§ Recorded data:
↓↓↓
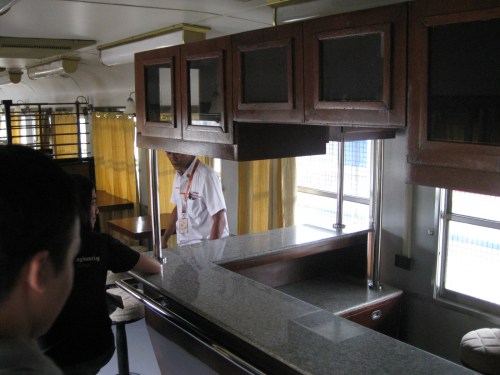 Entertainment – Yes, that’s a television set at the far end of the cabin. I can imagine that like in buses, the PNR will be showing some movies during trips to help passengers wile away the time. We were informed that big groups could actually take a car for themselves so it is also possible to have activities like workshops in the train. Perhaps groups could even have karaoke if they had the entire car to themselves.
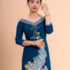 Đôi nét về áo dài bà chị sui xanh lụa chim công đối xứng đẹp L-BSX45
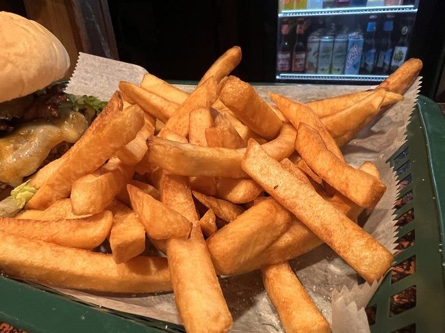 I always love burger from places like this. The flat top they’re cooked on always has so much flavor. The lounge has been open since the early 70’s and that flavor has just built up over the years. The burger is a pretty loosely packed patty topped with melted cheese and really crispy bacon. I added on lettuce, pickles, and mustard for an extra crunch and zing. The bread is pretty simple white bun that has been toasted. It’s a pretty simple burger but a really tasty one. When I think of cheap pub burgers, this is what I like to imagine.
↑↑↑
§ Directions for this task:
Leaving the images out, retype all the material above exactly.

§ Solution:
 Entertainment – Yes, that’s a television set at the far end of the cabin. I can imagine that like in buses, the PNR will be showing some movies during trips to help passengers wile away the time. We were informed that big groups could actually take a car for themselves so it is also possible to have activities like workshops in the train. Perhaps groups could even have karaoke if they had the entire car to themselves.
 Đôi nét về áo dài bà chị sui xanh lụa chim công đối xứng đẹp L-BSX45
 I always love burger from places like this. The flat top they’re cooked on always has so much flavor. The lounge has been open since the early 70’s and that flavor has just built up over the years. The burger is a pretty loosely packed patty topped with melted cheese and really crispy bacon. I added on lettuce, pickles, and mustard for an extra crunch and zing. The bread is pretty simple white bun that has been toasted. It’s a pretty simple burger but a really tasty one. When I think of cheap pub burgers, this is what I like to imagine.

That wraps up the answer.